Get advice and support with infant feeding from other users here.

Calling those who have stopped or been tempted to stop b/f before they wanted to...

157 replies

twinklemegan · 01/11/2006 23:13

I have recently posted about this on another thread but I am now curious... has anyone out there given up/been tempted to give up breastfeeding because of the unrealistic way it is sometimes promoted?
eg b/f should be pain free and enjoyable;
any formula (even if desperate) inevitably leading to the end of b/f;
MWs not being allowed to recommend nipple shields even if woman is in excrutiating pain and scared of feeding;
assumptions that every woman has the support to be able to feed baby 24/7 if needed...
you get the idea.
Is it time to inject a bit of reality into the b/f literature and would this help some women to continue with at least some b/f??
Discuss!
PS I'm quite new on MN and I don't want to offend anyone - please be gentle with me!!

OP posts:
Pitchounette · 05/01/2007 10:13

Message withdrawn

yellowrose · 05/01/2007 10:14

Also tiktok, baby not latching and parents worrying about baby in the first few days when baby doesn't latch sometimes get panicked into giving formula. I know this also happens in hospitals where the staff panick and then give formula, sometimes unnecessarily.

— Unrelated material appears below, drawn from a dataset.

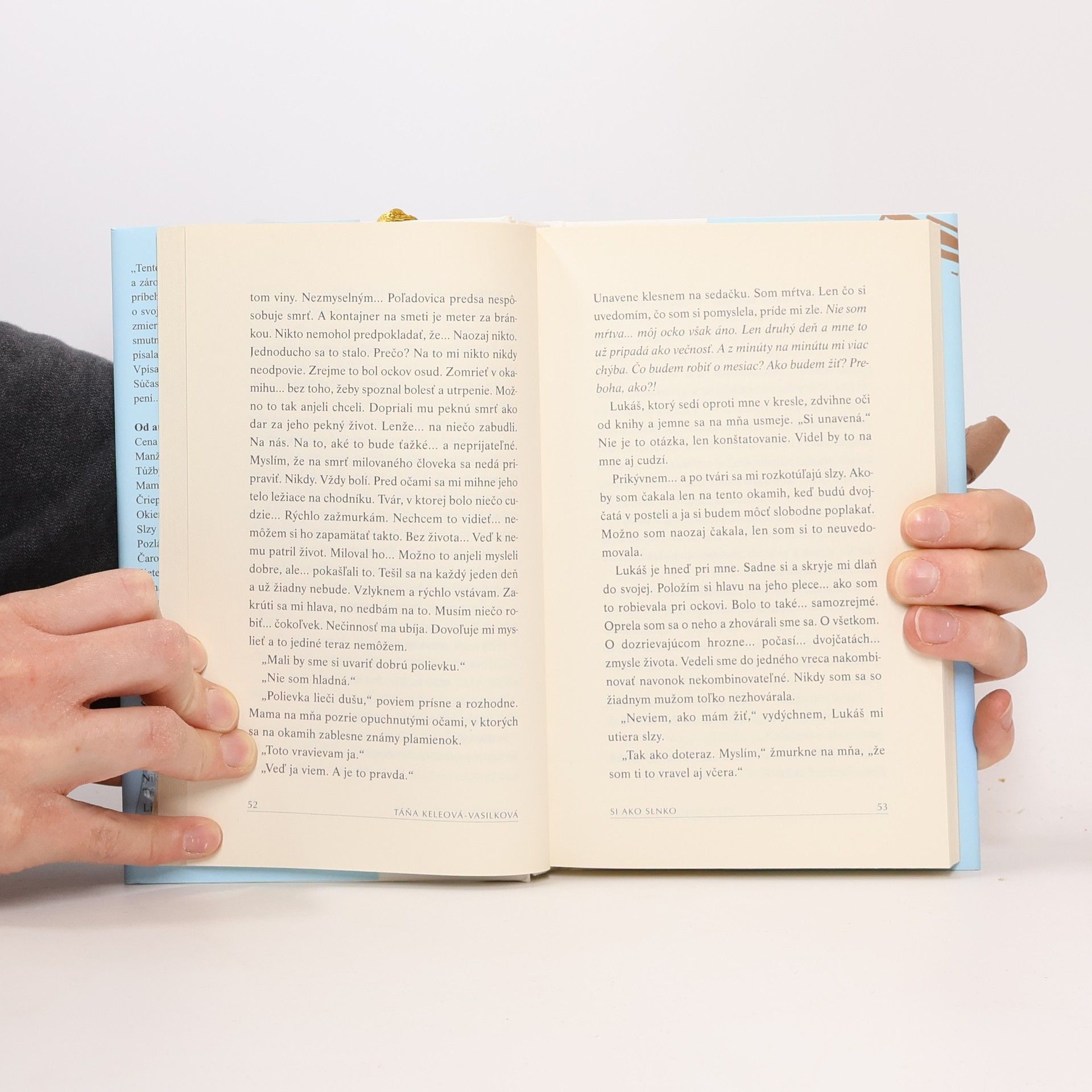 „Tento príbeh nie je o mne a o mojom ockovi, a zároveň aj trochu je. No predovšetkým je to príbeh všetkých dcér, ktoré tragicky prišli o svojich otcov a nevedeli sa s tým vyrovnať, zmieriť, prijať smrť milovaného človeka. Je smutný, pretože som ho – po dlhšej prestávke – písala ako prvý po tom, čo ocko od nás odišiel. Vpísala som doň svoj žiaľ, smútok, bolesť. Súčasne však ide o príbeh plný zvratov, prekvapení... a lásky.“ Táňa Keleová-Vasilková

Like you say it's very difficult because parents often won't know exactly how to tell whether baby is ok or not.

tiktok · 05/01/2007 10:32

Lethargy isn't always there, though....some on-the-way-to-being-dehydrated babies are unsettled and miserable rather than lethargic, and some babies thought to be 'good' because they sleep 'well' can be on the way to it, too.

Sorry to complpicated things! I don't want people to think that just because their baby is not lethargic everything is ok!

I'm not a medic, and anyone concerned about their baby's feeding needs to get someone to check - if they talk about fontanelles and nothing else, then ask someone else!!

tiktok · 05/01/2007 10:33

complpicated???

complicate

yellowrose · 05/01/2007 10:59

Good point tiktok. My son never showed any sign of having a sunken fontenelle, but he screamed for hours on end and was miserable. There is absolutely no way I could have been sure whether he was dehydrated or not, as he was not lethargic or sleepy, quite the opposite, he was hyperactive. He was just an unhappy babe until he was finally able to latch and suck. Those were unhappy hours for my baby and I

Twinklemegan · 05/01/2007 11:43

This has scared me Tiktok. My DS fed very little in the first few days. As I said before, he had difficulty sucking as he was full of mucus. After that, because I was finding it so agonisingly painful, I myself was restricting feeding to a point. Because he was slightly jaundiced I was told to make sure he never went more than 5 hours without a feed (or was it 3? can't remember). In my traumatised post-birth state I interpreted this as it being OK to leave him x hours - as I was dreading feeding him, I didn't usually wake him up to feed if it had been less than that. And he did loads and loads of sleeping, and was very unsettled and cried loads. OMG - maybe I was making him dehydrated? But he's fine now, so perhaps it's best not to dwell too much on that.

OP posts:
tiktok · 05/01/2007 12:25

Twinkle, you weren't making him dehydrated.

Clinical dehydration is quite a long way into the process of ineffective feeding - babies can certainly be somewhat underfed in the first days, but very few of them, thankfully, go on to be dehydrated...they start to feed more effectively and everything turns out well

You'll see I was careful to talk about being-on-the-way-to-dehydration....if things don't change when this is happening, then yes, the baby could become dehydrated. But mostly, things do change and they don't.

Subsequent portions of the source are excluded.